Description of the task
An exact copy of every entry is required, minus the pictures.
-- Source material follows --
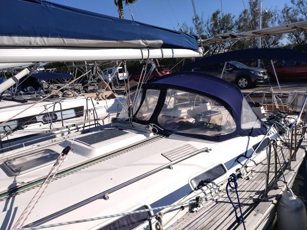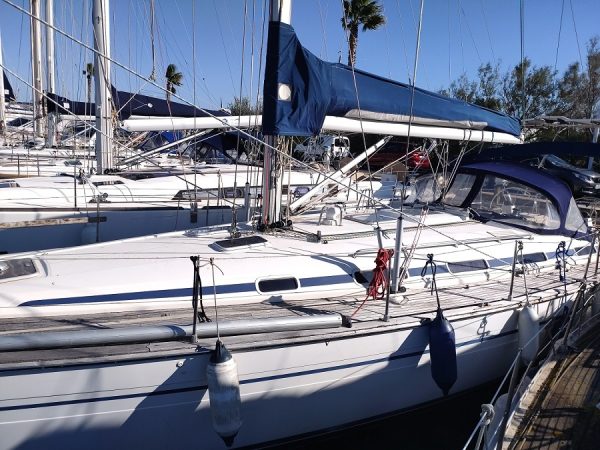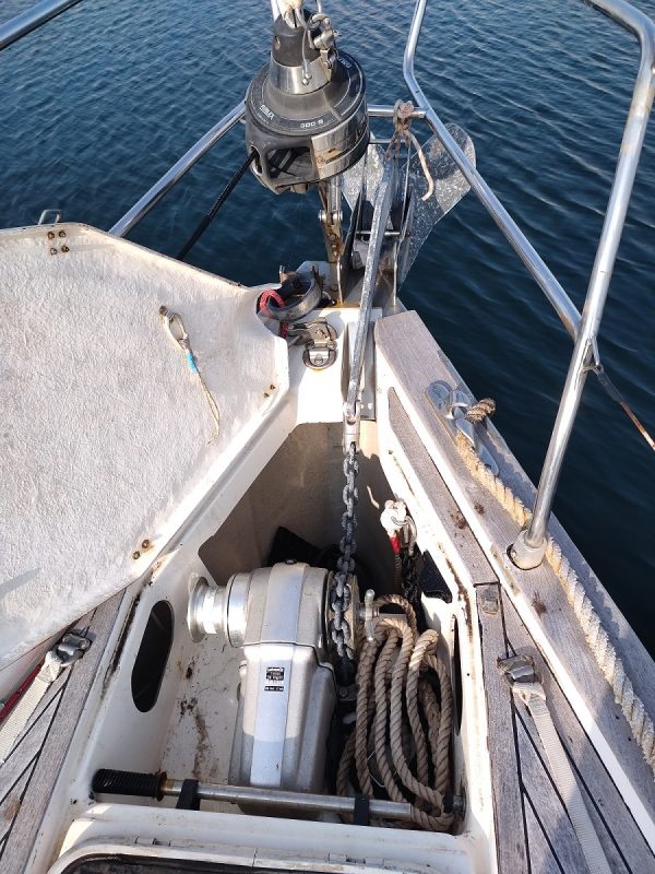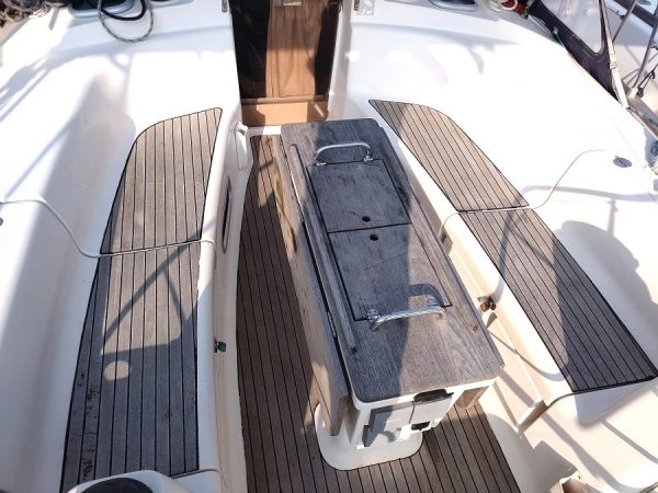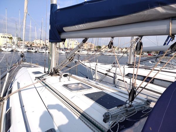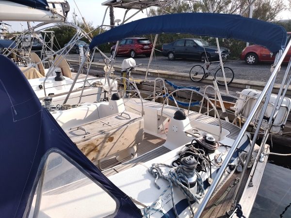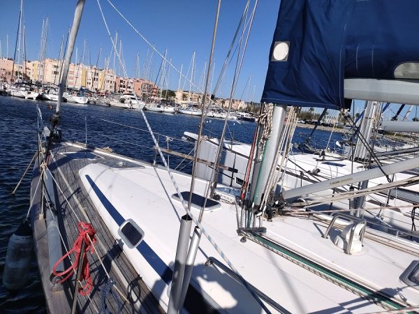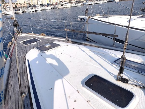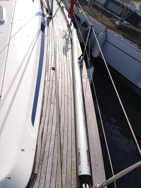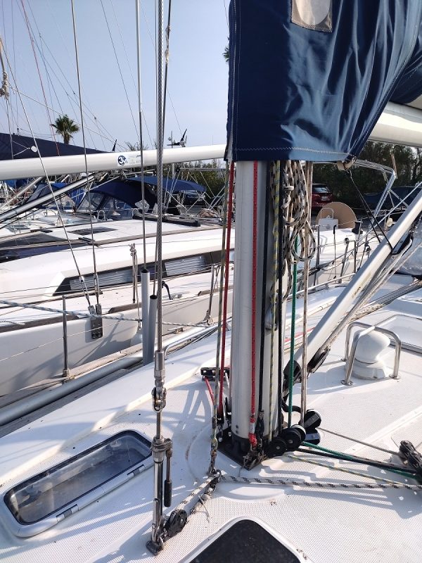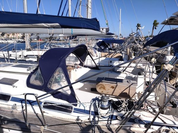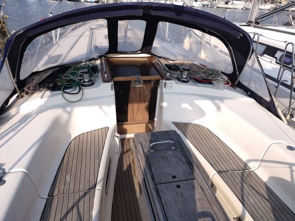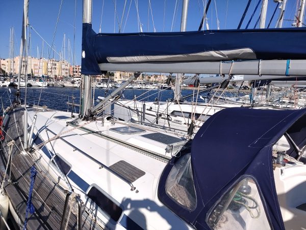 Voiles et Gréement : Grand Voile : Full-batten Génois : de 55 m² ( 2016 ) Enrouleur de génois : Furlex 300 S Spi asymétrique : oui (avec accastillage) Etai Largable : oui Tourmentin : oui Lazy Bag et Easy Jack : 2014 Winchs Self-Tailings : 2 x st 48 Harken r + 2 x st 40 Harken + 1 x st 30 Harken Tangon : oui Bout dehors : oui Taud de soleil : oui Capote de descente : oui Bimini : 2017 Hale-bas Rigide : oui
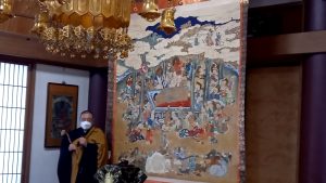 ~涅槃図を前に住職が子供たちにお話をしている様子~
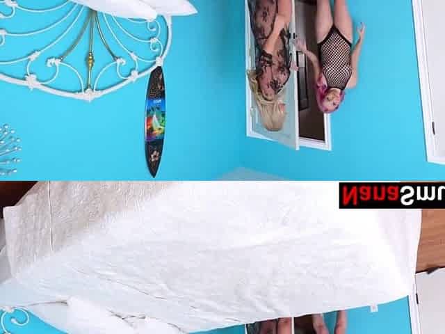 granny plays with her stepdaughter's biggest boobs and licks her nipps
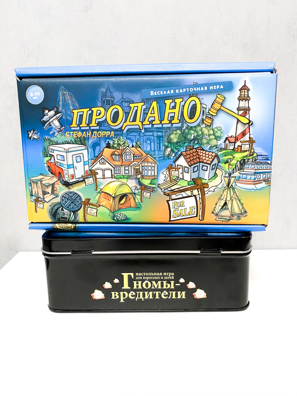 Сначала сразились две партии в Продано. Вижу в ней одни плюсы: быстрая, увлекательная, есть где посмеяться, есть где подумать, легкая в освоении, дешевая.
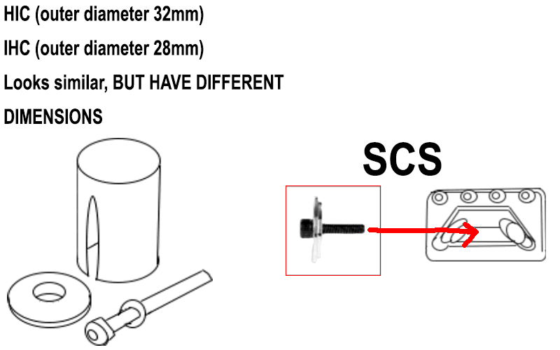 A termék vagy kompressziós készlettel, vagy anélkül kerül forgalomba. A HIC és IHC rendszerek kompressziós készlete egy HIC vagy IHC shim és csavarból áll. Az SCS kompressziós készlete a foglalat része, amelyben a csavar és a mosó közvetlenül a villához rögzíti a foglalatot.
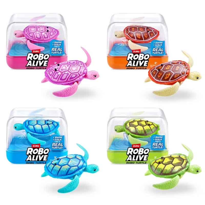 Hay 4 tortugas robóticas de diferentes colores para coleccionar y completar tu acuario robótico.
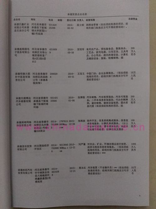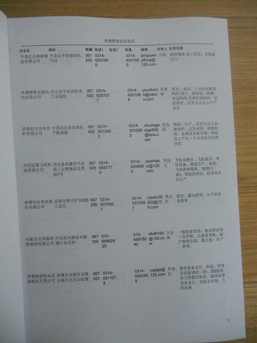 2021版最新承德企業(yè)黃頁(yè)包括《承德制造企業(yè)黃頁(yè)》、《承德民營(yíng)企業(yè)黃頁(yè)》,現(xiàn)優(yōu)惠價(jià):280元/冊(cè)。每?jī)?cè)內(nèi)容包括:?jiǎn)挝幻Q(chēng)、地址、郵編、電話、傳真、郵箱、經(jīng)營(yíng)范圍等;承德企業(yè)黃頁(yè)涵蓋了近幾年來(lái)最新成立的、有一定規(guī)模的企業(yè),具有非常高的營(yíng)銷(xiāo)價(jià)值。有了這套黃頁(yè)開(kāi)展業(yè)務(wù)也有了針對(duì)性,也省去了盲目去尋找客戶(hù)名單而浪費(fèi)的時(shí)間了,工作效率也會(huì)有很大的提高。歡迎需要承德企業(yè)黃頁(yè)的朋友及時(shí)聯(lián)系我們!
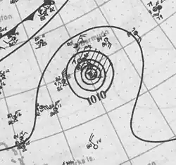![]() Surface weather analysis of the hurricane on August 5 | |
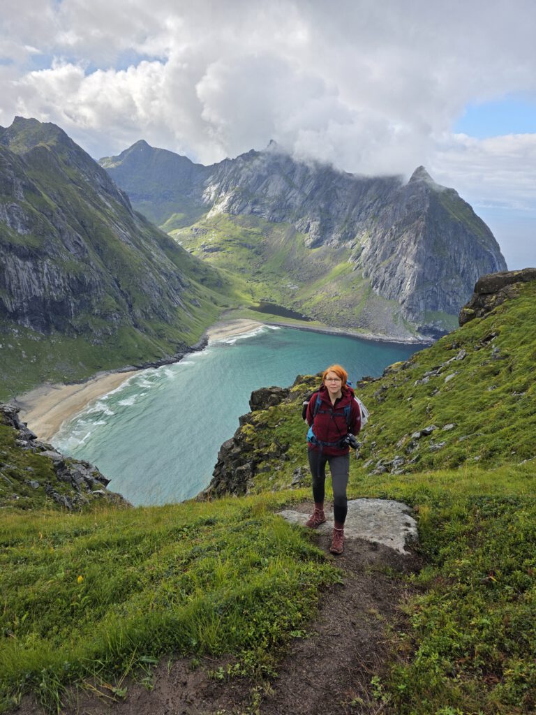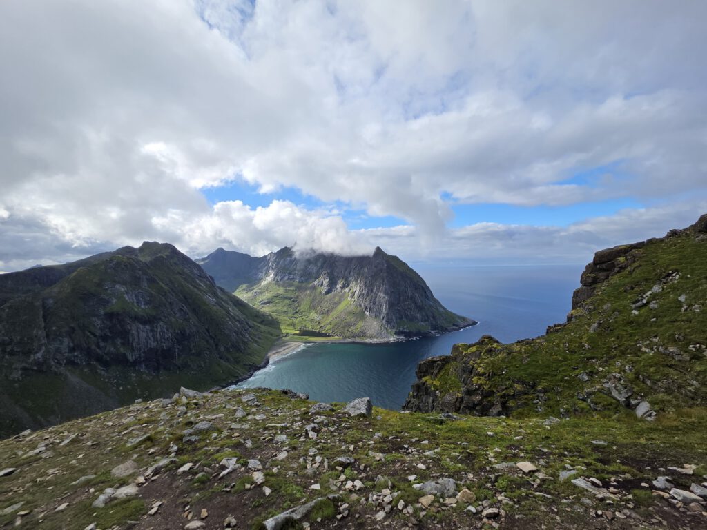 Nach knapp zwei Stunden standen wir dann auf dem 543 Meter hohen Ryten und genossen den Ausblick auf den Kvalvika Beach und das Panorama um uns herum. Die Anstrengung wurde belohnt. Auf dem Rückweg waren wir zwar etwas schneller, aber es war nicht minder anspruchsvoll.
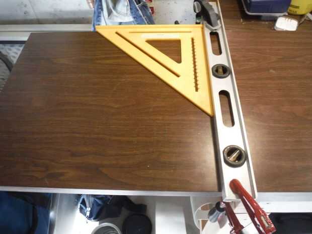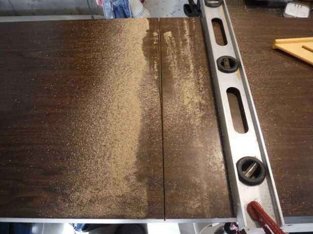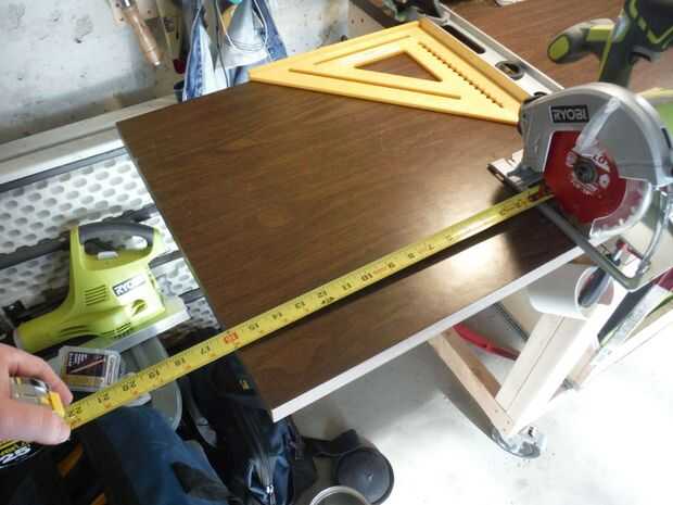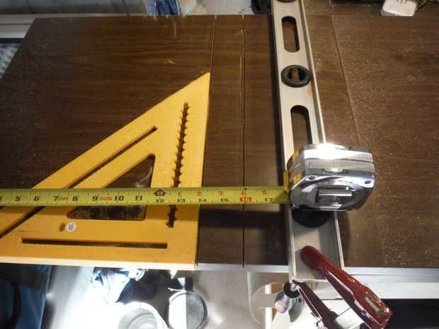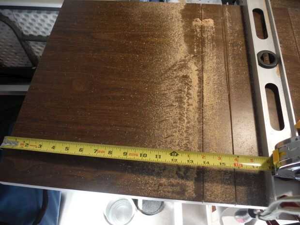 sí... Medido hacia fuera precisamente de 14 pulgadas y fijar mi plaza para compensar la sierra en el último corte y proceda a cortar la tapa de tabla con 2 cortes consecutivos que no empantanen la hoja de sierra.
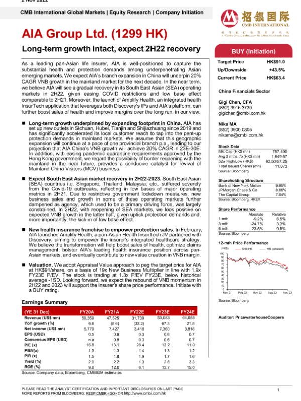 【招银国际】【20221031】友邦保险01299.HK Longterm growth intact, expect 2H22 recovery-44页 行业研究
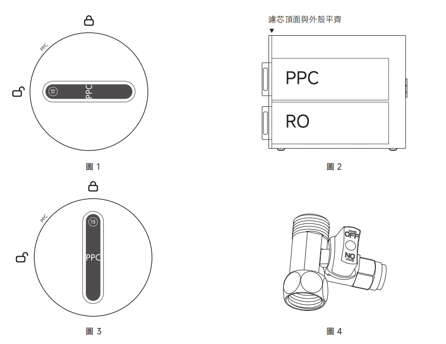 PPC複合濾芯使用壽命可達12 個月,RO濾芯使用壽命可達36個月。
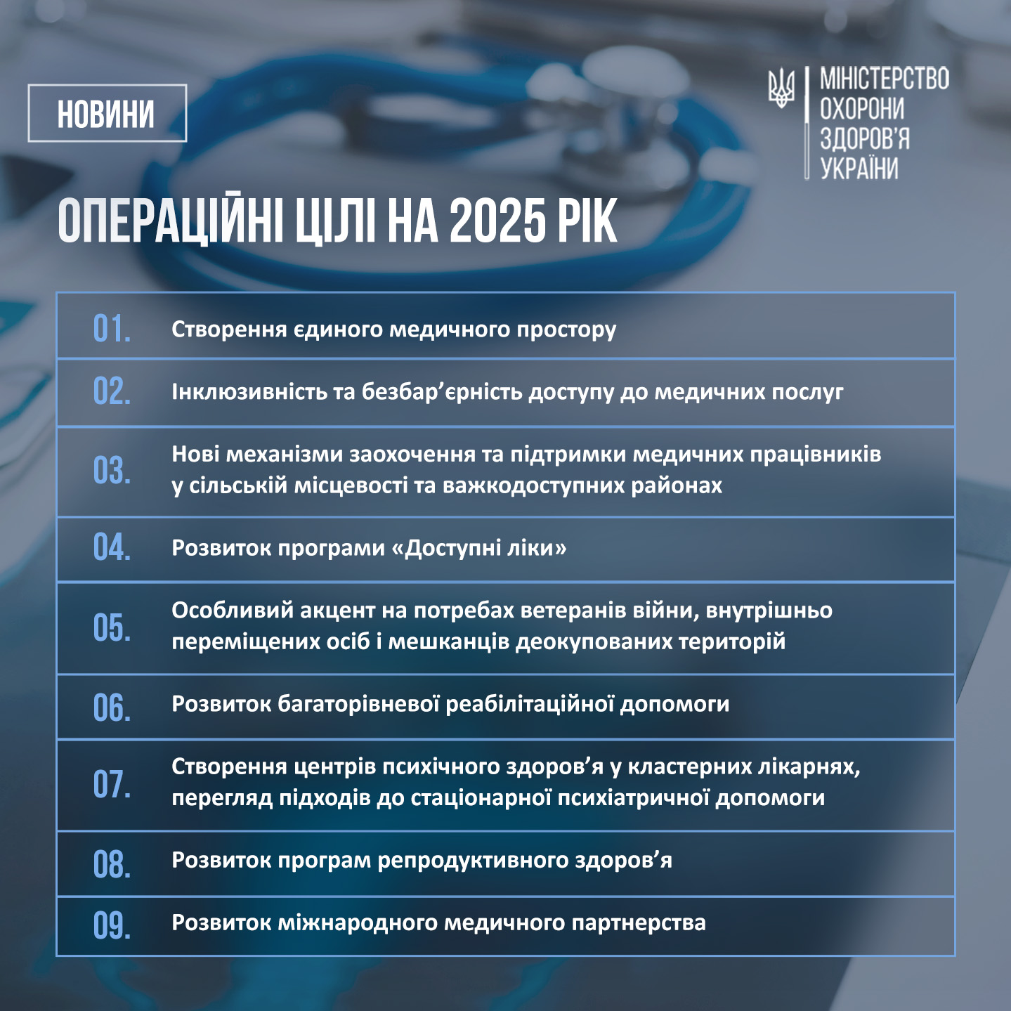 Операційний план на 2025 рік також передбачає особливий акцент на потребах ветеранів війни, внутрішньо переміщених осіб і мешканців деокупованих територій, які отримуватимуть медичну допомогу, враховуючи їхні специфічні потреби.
-- Source material concluded --
Exercise answer
 Voiles et Gréement : Grand Voile : Full-batten Génois : de 55 m² ( 2016 ) Enrouleur de génois : Furlex 300 S Spi asymétrique : oui (avec accastillage) Etai Largable : oui Tourmentin : oui Lazy Bag et Easy Jack : 2014 Winchs Self-Tailings : 2 x st 48 Harken r + 2 x st 40 Harken + 1 x st 30 Harken Tangon : oui Bout dehors : oui Taud de soleil : oui Capote de descente : oui Bimini : 2017 Hale-bas Rigide : oui
 ~涅槃図を前に住職が子供たちにお話をしている様子~
 granny plays with her stepdaughter's biggest boobs and licks her nipps
 Сначала сразились две партии в Продано. Вижу в ней одни плюсы: быстрая, увлекательная, есть где посмеяться, есть где подумать, легкая в освоении, дешевая.
 A termék vagy kompressziós készlettel, vagy anélkül kerül forgalomba. A HIC és IHC rendszerek kompressziós készlete egy HIC vagy IHC shim és csavarból áll. Az SCS kompressziós készlete a foglalat része, amelyben a csavar és a mosó közvetlenül a villához rögzíti a foglalatot.
 Hay 4 tortugas robóticas de diferentes colores para coleccionar y completar tu acuario robótico.
 2021版最新承德企業(yè)黃頁(yè)包括《承德制造企業(yè)黃頁(yè)》、《承德民營(yíng)企業(yè)黃頁(yè)》,現(xiàn)優(yōu)惠價(jià):280元/冊(cè)。每?jī)?cè)內(nèi)容包括:?jiǎn)挝幻Q(chēng)、地址、郵編、電話、傳真、郵箱、經(jīng)營(yíng)范圍等;承德企業(yè)黃頁(yè)涵蓋了近幾年來(lái)最新成立的、有一定規(guī)模的企業(yè),具有非常高的營(yíng)銷(xiāo)價(jià)值。有了這套黃頁(yè)開(kāi)展業(yè)務(wù)也有了針對(duì)性,也省去了盲目去尋找客戶(hù)名單而浪費(fèi)的時(shí)間了,工作效率也會(huì)有很大的提高。歡迎需要承德企業(yè)黃頁(yè)的朋友及時(shí)聯(lián)系我們!
![]() Surface weather analysis of the hurricane on August 5 | |
 Nach knapp zwei Stunden standen wir dann auf dem 543 Meter hohen Ryten und genossen den Ausblick auf den Kvalvika Beach und das Panorama um uns herum. Die Anstrengung wurde belohnt. Auf dem Rückweg waren wir zwar etwas schneller, aber es war nicht minder anspruchsvoll.
 sí... Medido hacia fuera precisamente de 14 pulgadas y fijar mi plaza para compensar la sierra en el último corte y proceda a cortar la tapa de tabla con 2 cortes consecutivos que no empantanen la hoja de sierra.
 【招银国际】【20221031】友邦保险01299.HK Longterm growth intact, expect 2H22 recovery-44页 行业研究
 PPC複合濾芯使用壽命可達12 個月,RO濾芯使用壽命可達36個月。
 Операційний план на 2025 рік також передбачає особливий акцент на потребах ветеранів війни, внутрішньо переміщених осіб і мешканців деокупованих територій, які отримуватимуть медичну допомогу, враховуючи їхні специфічні потреби.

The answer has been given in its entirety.